News | May 16, 2022

Multi-Axis Metal Additive Manufacturing Without Support Structures

A collaborative team from Promation, ModuleWorks, and Multi-Scale Additive Manufacturing (MSAM) Laboratory of the University of Waterloo has developed and successfully tested a new method for manufacturing overhang geometries without the need for support structures. The tests were conducted at the University of Waterloo in Ontario, Canada using Laser Directed Energy Deposition (LDED). By eliminating support structures, the team was able to simplify process planning and reduce waste material.

Parts with geometric overhangs, such as pipes with bends, pose a special challenge for additive processes that deposit material in horizontal layers.
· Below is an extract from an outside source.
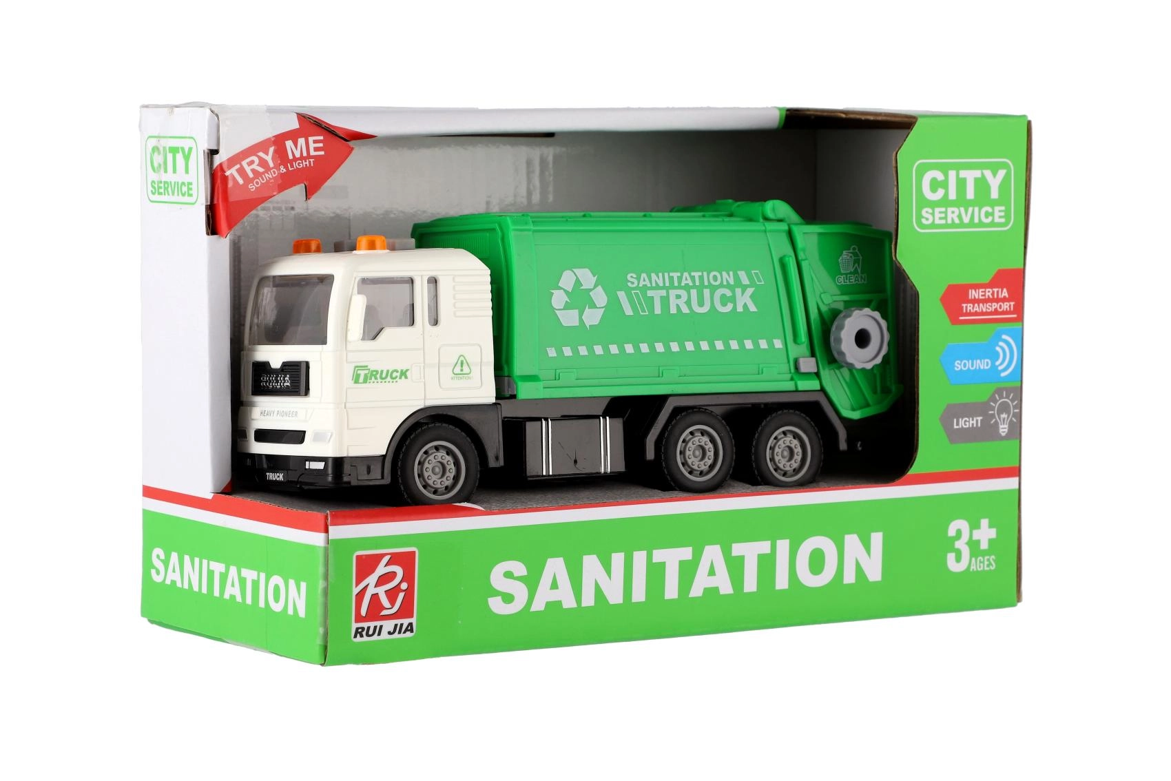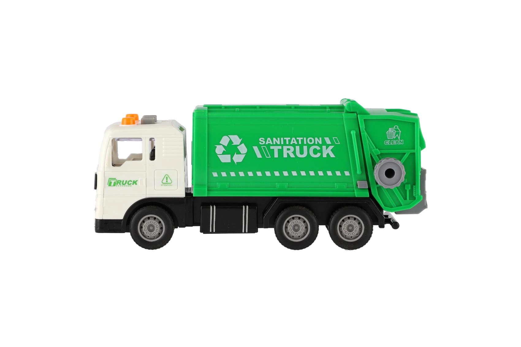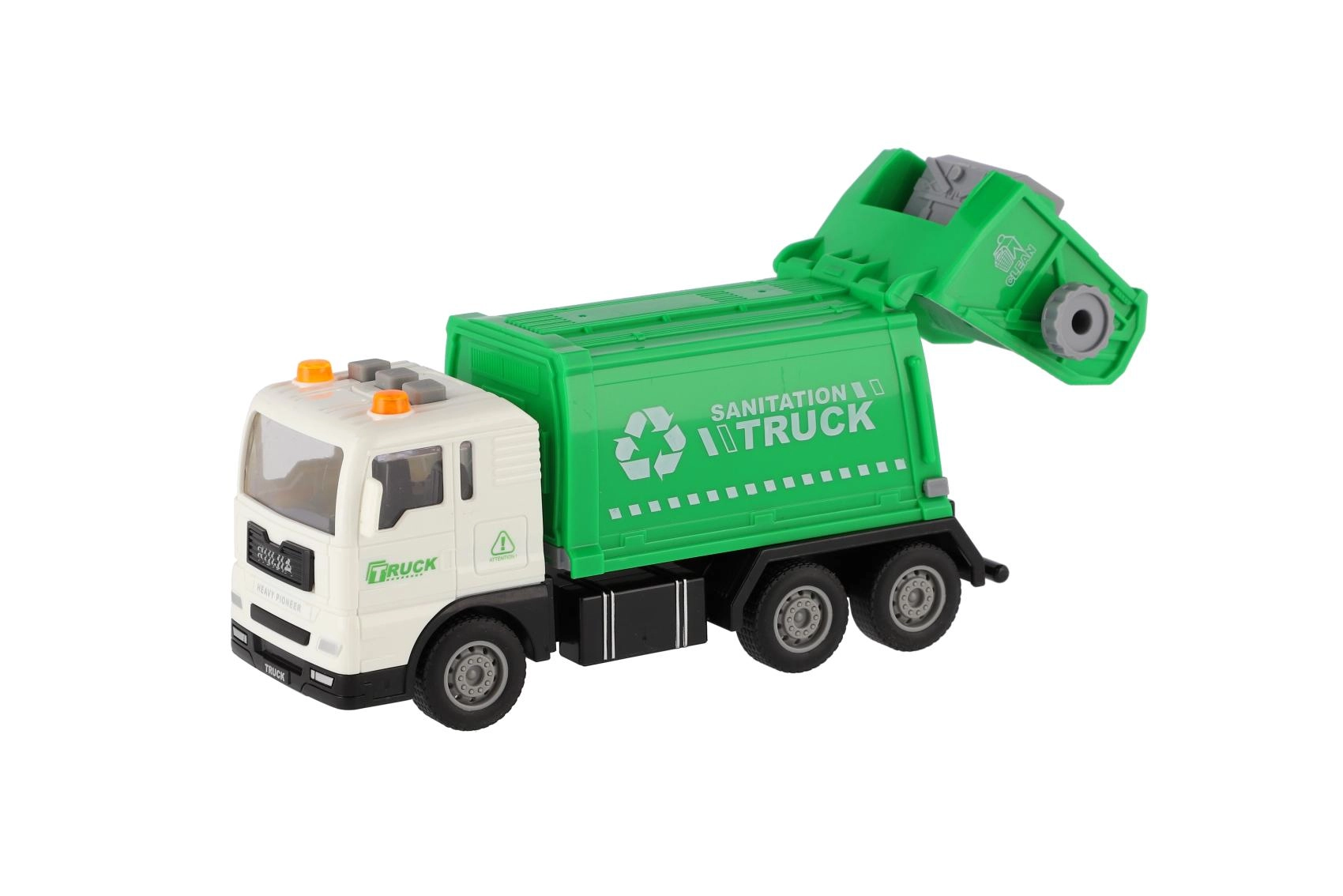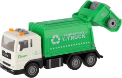 Стилен боклукчийски камион за малки шофьори носи реалистично забавление благодарение на инерционно задвижване, светлинни маяци и звукови ефекти. В мащаб 1:32 предлага отварящ се и накланящ се контейнер, така че децата могат да преживеят истинската работа на сметосъбирачите. Батериите AG13 са включени в комплекта, така че играта може да започне веднага.

To deposit material in the overhang area of the bend, the process needs to incorporate support structures that allow the layers to extend beyond the pipe. This works well enough but incorporating support structures adds time and effort to production planning and creates extra waste material.

To simplify and speed up the LDED process, Promation, ModuleWorks, and MSAM teamed up to develop a new method that deposits the layers in non-horizontal planes. The printing nozzle is mounted on a 6-axis robotic arm to ensure it always remains tangent to the deposition surface which is automatically tilted using a 2-axis positioner. Applying deposition layers to a tilted surface enables pipe bends and other overhang geometries to be printed without support structures, which simplifies production planning and reduces waste material.

In the laboratory tests, the team used the new method to manufacture a pipe with a 45-degree bend with no support structures. The new method was also used to successfully print a closed hollow dome.